#### Records for the task
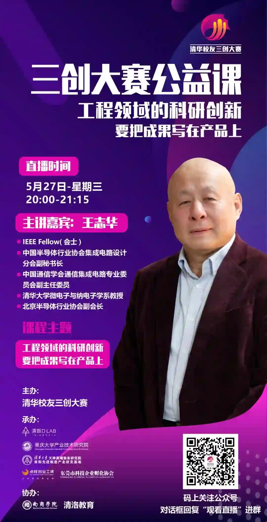 直播地址: 扫描下图二维码,关注公众号,对话框内输入“观看直播”,即可进入公益课直播群。
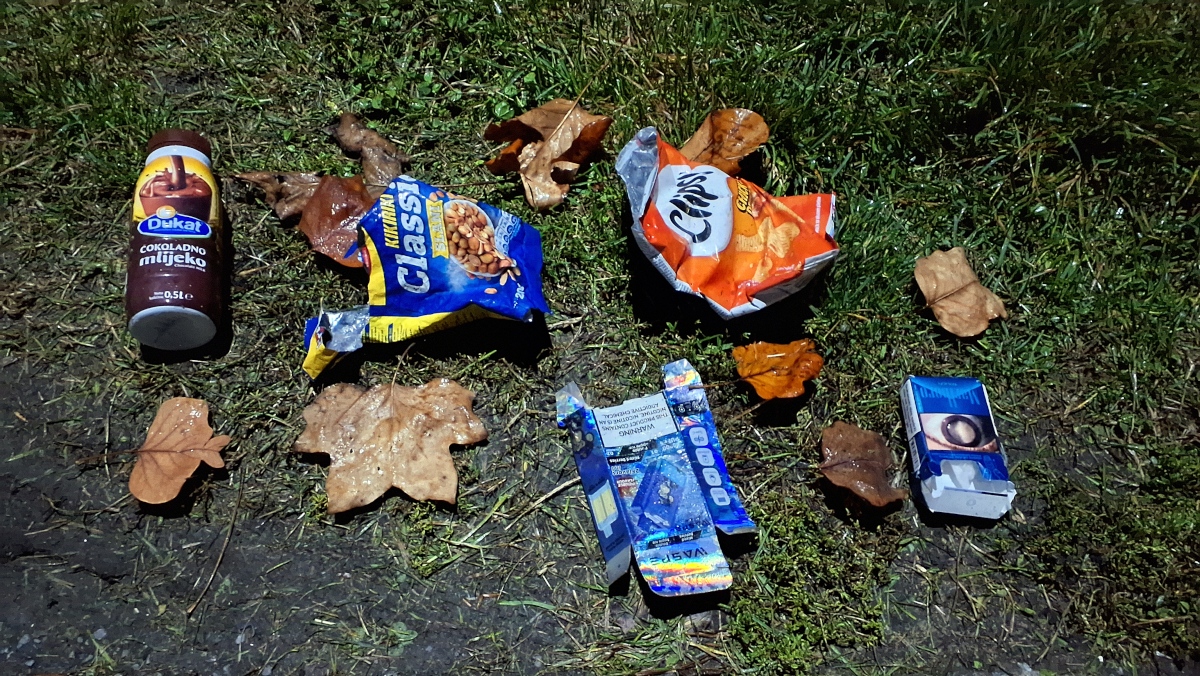 Svi znamo, da su nadzorne kamere skupe, a njihova primjena moralno upitna, kao i da su roditelji školske djece prezaposleni i prepuni svakodnevnih briga. Istovremeno su učitelji, nastavnici i profesori preopterećeni i siti svega, ponajviše, svakodnevnim ponavljanjem suhe teorije koja učenike uopće ne zanima. A vječno gladna školska djeca, nemaju dovoljno prostora u džepovima i školskom torbama za nošenje inkriminirajućih sadrža doma. Uostalom ni roditelji ne žele znati, kakve sve skupe i nezdrave gluposti jedu njihovi mališani na odmoru ili poslije škole. Ma… koga briga za vrećice, bočice i omote od slatkiša!? Zahvaljujući sveopćem nemaru odgovornih i nezadovoljavajućim brojem kanti za smeće – fotografi u gradu mogu stvarati prava mala remek djela i pojačati dosadne boje jeseni, raskošnim koloritom, barem dok ne zapuše vjetar i odnese smeće kod susjeda, u kanale, rijeke i jezera. Neka i oni malo uživaju…
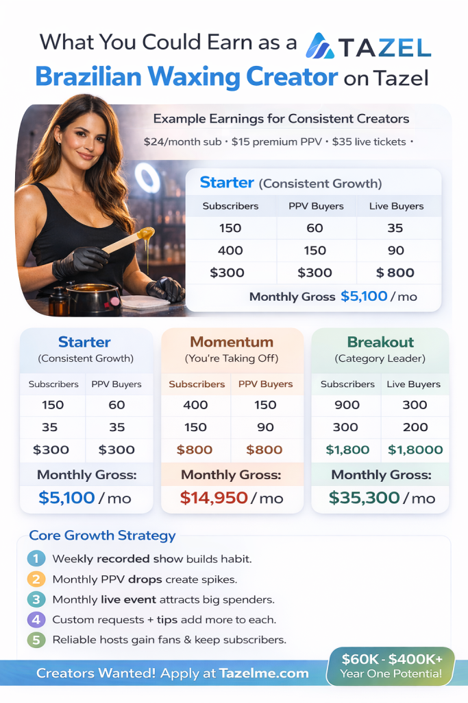 Brazilian waxing content sits within a proven intersection of beauty, transformation, and adult-adjacent curiosity—an intersection that already attracts millions of views across social platforms, tube sites, and creator marketplaces, despite being fragmented and poorly monetized. Grooming, hair removal, and body-confidence content consistently perform well in both mainstream and adult spaces, yet no dominant, professional destination exists for Brazilian waxing as a recurring show or live format. Even capturing a small fraction of viewers who already consume makeover, spa, cosmetic, and fetish-adjacent content represents a meaningful opportunity. With subscription-based access, premium PPV events, and live shows, a dedicated Brazilian Waxing Channel on Tazel is positioned to serve a market that is clearly validated by demand but largely untouched by creator-first monetization—making it a rare case of low saturation with high spending intent.
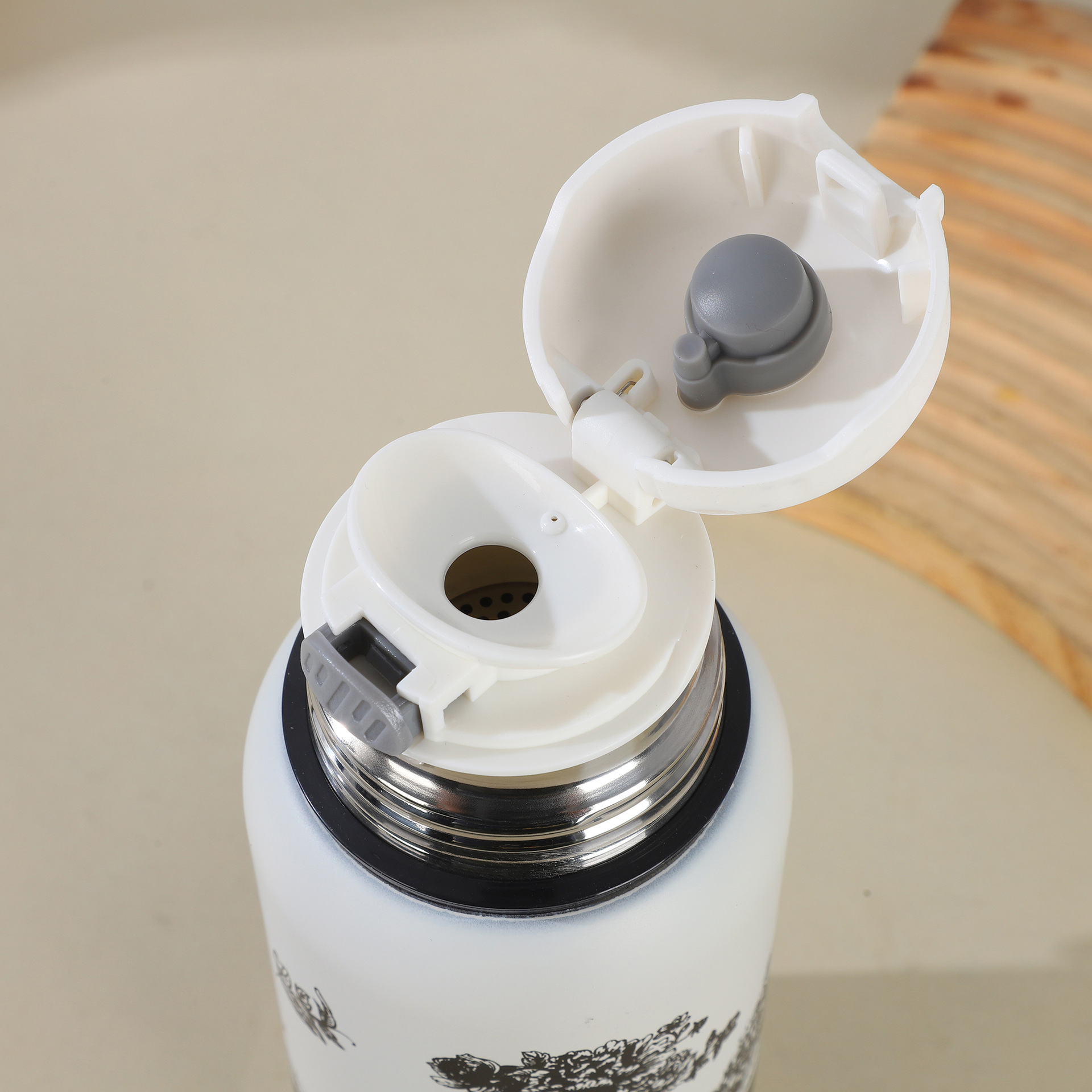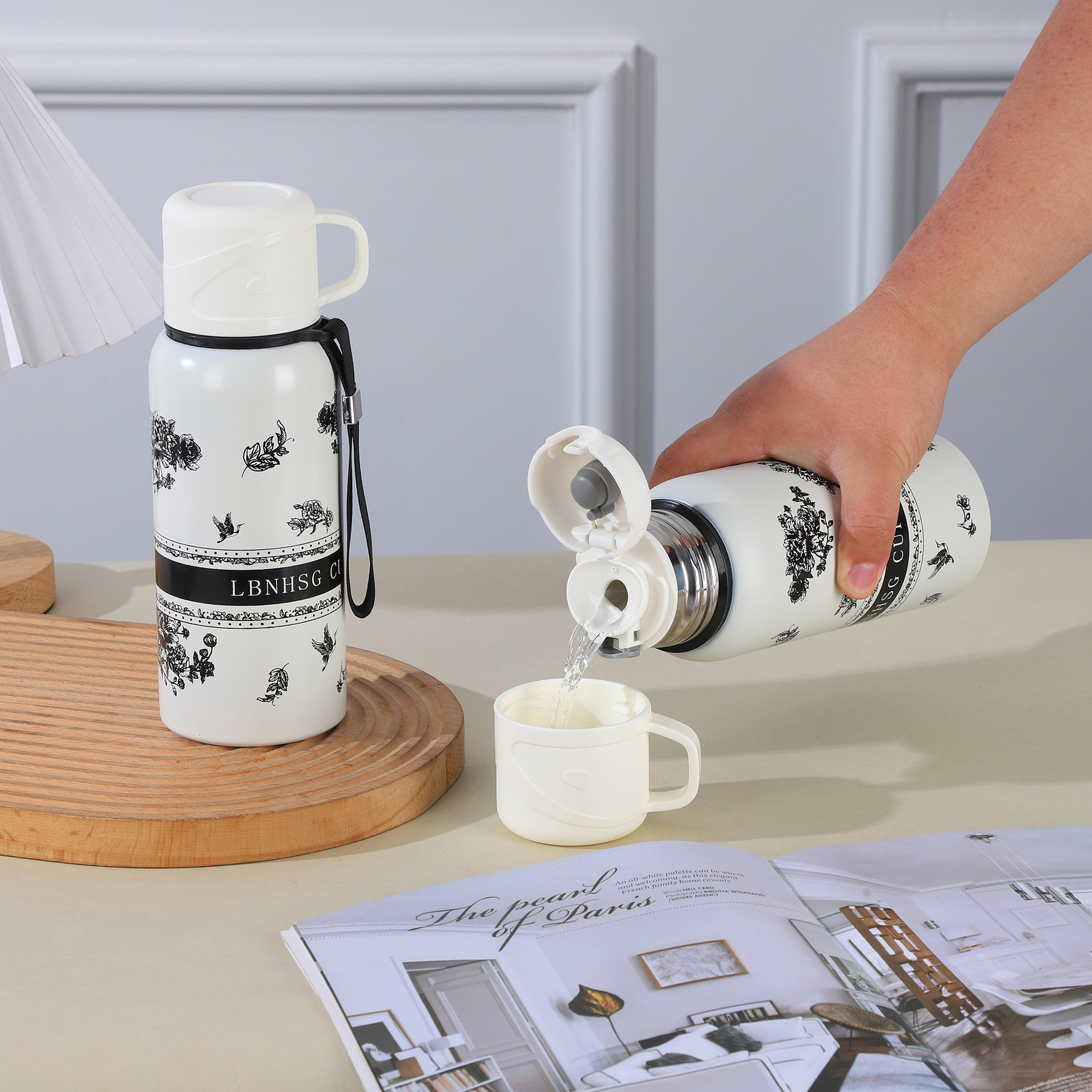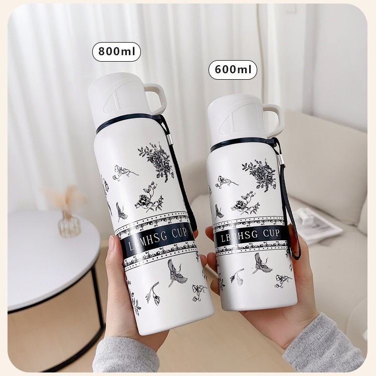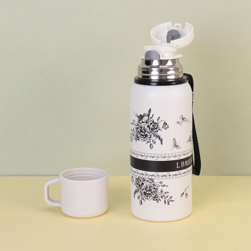 새로운 흰색 치자 나무 보온병 컵 높은 색상 값 차 배수 커피 컵 야외 여행 대용량 물 컵
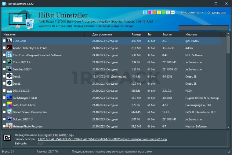 HiBit Uninstaller — это программное обеспечение для полного удаления приложений с компьютера, включая все остаточные файлы и записи в реестре. Программа разработана для пользователей, которые хотят очистить свою систему от ненужных программ и увеличить её производительность. Интуитивный интерфейс HiBit Uninstaller позволяет легко управлять всеми установленными приложениями и гарантирует полное удаление каждого из них.Основная функция HiBit Uninstaller — удаление программ с последующим глубоким сканированием системы. После стандартного удаления приложение проводит сканирование и удаляет оставшиеся файлы, папки и записи в реестре, что помогает предотвратить накопление ненужных данных и освободить место на диске. Это особенно полезно для пользователей, которые часто устанавливают и удаляют приложения.
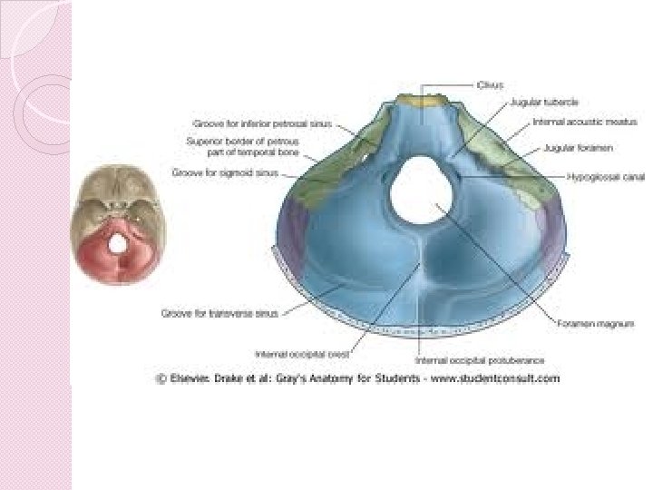 � Clivus: Gran pendiente que llega hasta el orificio magno � La cresta occipital interna con dos grandes impresiones que son las fosas cerebelosas. Termina en la protuberancia occipital interna (confluencia de los senos venosos). v Orificio Yugular: v Conducto auditivo interno v Conducto Hipogloso: Ø NC. hipogloso.
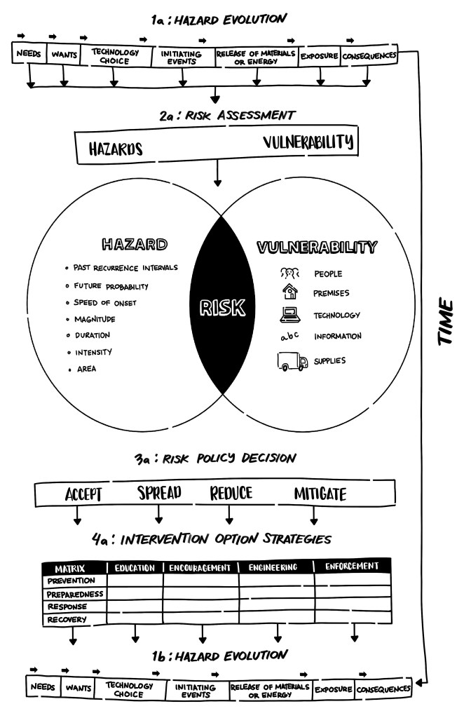 I have cut and pasted together a comprehensive framework or model (using a business continuity context) which integrates a range of heuristics. These include the causal approach; conceptualising risk as a function of hazard and vulnerability interfaces; a standard policy framework; and a matrix cross stimulating Hadden’s four Es and FEMA’s Psquared Rsquared. Hopefully it can support the use of risk perpectives to identify future improvements and opportunities
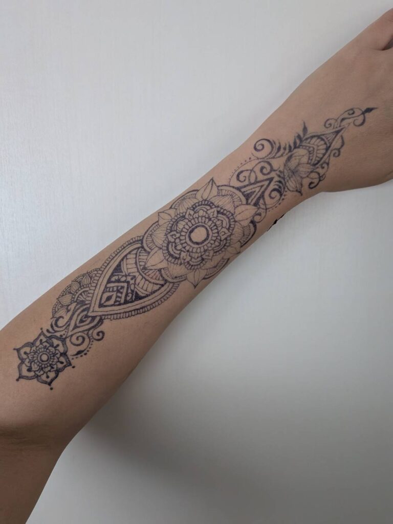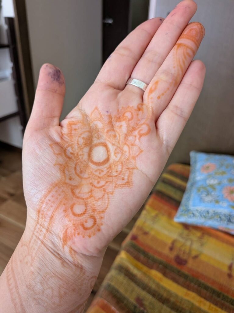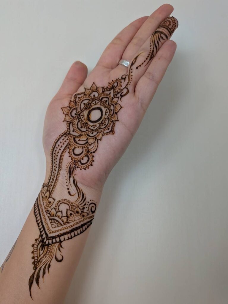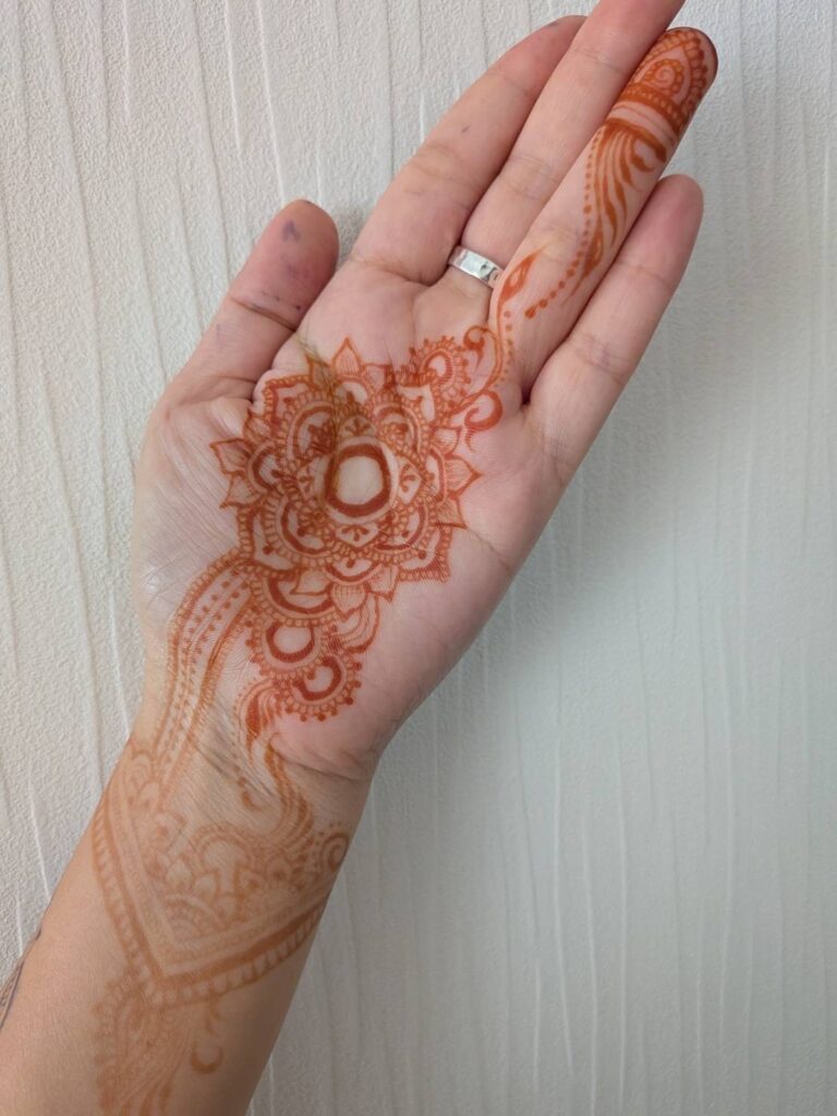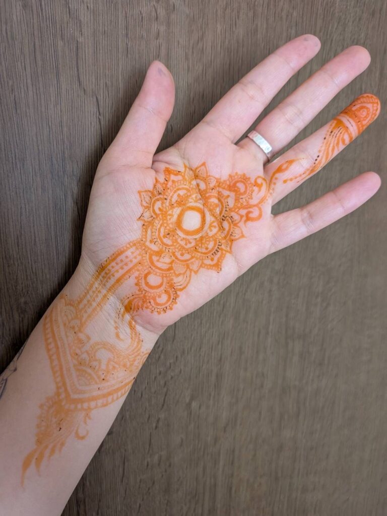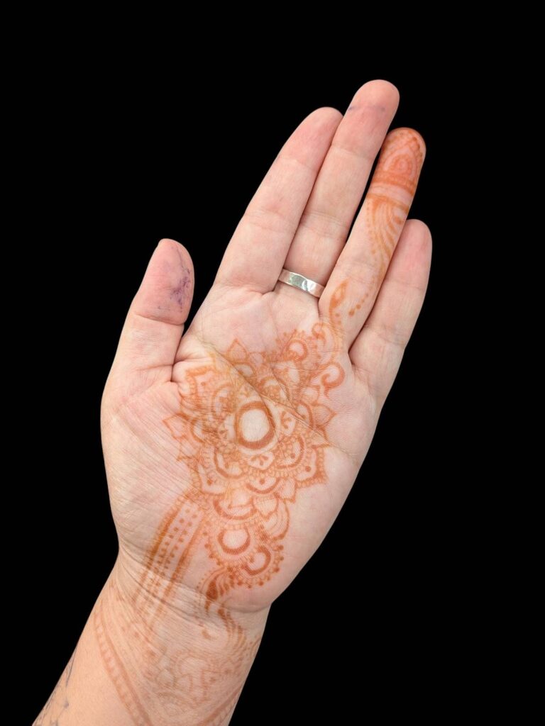 メヘンディは伝統的な細かい模様や流れるようなデザインがあり人気のモチーフもあります。モチーフ事に縁起の良い意味がつけられていることもありますが基本的には『ヘナで肌を染めること』こそに一番意味があると私からはお伝えしています。好きなモチーフやイメージをお伺いしたらフリーハンドで描いていきます。
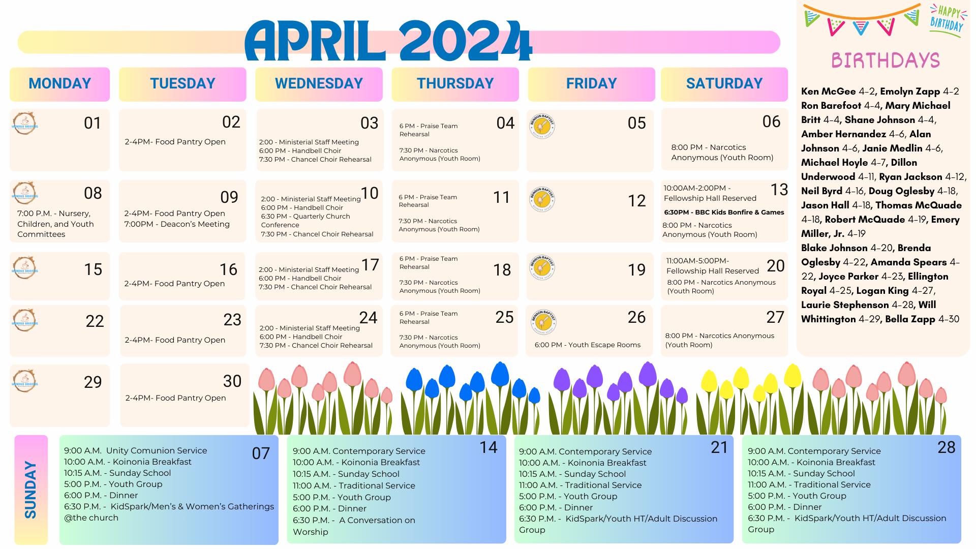 Please plan to join us on Wednesday, April 10 at 6:30 P.M. in the Fellowship Hall

#### Exercise goal
Word-for-word repeat, images excluded: return all the data.

#### Reply
 直播地址: 扫描下图二维码,关注公众号,对话框内输入“观看直播”,即可进入公益课直播群。
 Svi znamo, da su nadzorne kamere skupe, a njihova primjena moralno upitna, kao i da su roditelji školske djece prezaposleni i prepuni svakodnevnih briga. Istovremeno su učitelji, nastavnici i profesori preopterećeni i siti svega, ponajviše, svakodnevnim ponavljanjem suhe teorije koja učenike uopće ne zanima. A vječno gladna školska djeca, nemaju dovoljno prostora u džepovima i školskom torbama za nošenje inkriminirajućih sadrža doma. Uostalom ni roditelji ne žele znati, kakve sve skupe i nezdrave gluposti jedu njihovi mališani na odmoru ili poslije škole. Ma… koga briga za vrećice, bočice i omote od slatkiša!? Zahvaljujući sveopćem nemaru odgovornih i nezadovoljavajućim brojem kanti za smeće – fotografi u gradu mogu stvarati prava mala remek djela i pojačati dosadne boje jeseni, raskošnim koloritom, barem dok ne zapuše vjetar i odnese smeće kod susjeda, u kanale, rijeke i jezera. Neka i oni malo uživaju…
 Brazilian waxing content sits within a proven intersection of beauty, transformation, and adult-adjacent curiosity—an intersection that already attracts millions of views across social platforms, tube sites, and creator marketplaces, despite being fragmented and poorly monetized. Grooming, hair removal, and body-confidence content consistently perform well in both mainstream and adult spaces, yet no dominant, professional destination exists for Brazilian waxing as a recurring show or live format. Even capturing a small fraction of viewers who already consume makeover, spa, cosmetic, and fetish-adjacent content represents a meaningful opportunity. With subscription-based access, premium PPV events, and live shows, a dedicated Brazilian Waxing Channel on Tazel is positioned to serve a market that is clearly validated by demand but largely untouched by creator-first monetization—making it a rare case of low saturation with high spending intent.
 새로운 흰색 치자 나무 보온병 컵 높은 색상 값 차 배수 커피 컵 야외 여행 대용량 물 컵
 HiBit Uninstaller — это программное обеспечение для полного удаления приложений с компьютера, включая все остаточные файлы и записи в реестре. Программа разработана для пользователей, которые хотят очистить свою систему от ненужных программ и увеличить её производительность. Интуитивный интерфейс HiBit Uninstaller позволяет легко управлять всеми установленными приложениями и гарантирует полное удаление каждого из них.Основная функция HiBit Uninstaller — удаление программ с последующим глубоким сканированием системы. После стандартного удаления приложение проводит сканирование и удаляет оставшиеся файлы, папки и записи в реестре, что помогает предотвратить накопление ненужных данных и освободить место на диске. Это особенно полезно для пользователей, которые часто устанавливают и удаляют приложения.
 � Clivus: Gran pendiente que llega hasta el orificio magno � La cresta occipital interna con dos grandes impresiones que son las fosas cerebelosas. Termina en la protuberancia occipital interna (confluencia de los senos venosos). v Orificio Yugular: v Conducto auditivo interno v Conducto Hipogloso: Ø NC. hipogloso.
 I have cut and pasted together a comprehensive framework or model (using a business continuity context) which integrates a range of heuristics. These include the causal approach; conceptualising risk as a function of hazard and vulnerability interfaces; a standard policy framework; and a matrix cross stimulating Hadden’s four Es and FEMA’s Psquared Rsquared. Hopefully it can support the use of risk perpectives to identify future improvements and opportunities
 メヘンディは伝統的な細かい模様や流れるようなデザインがあり人気のモチーフもあります。モチーフ事に縁起の良い意味がつけられていることもありますが基本的には『ヘナで肌を染めること』こそに一番意味があると私からはお伝えしています。好きなモチーフやイメージをお伺いしたらフリーハンドで描いていきます。
 Please plan to join us on Wednesday, April 10 at 6:30 P.M. in the Fellowship Hall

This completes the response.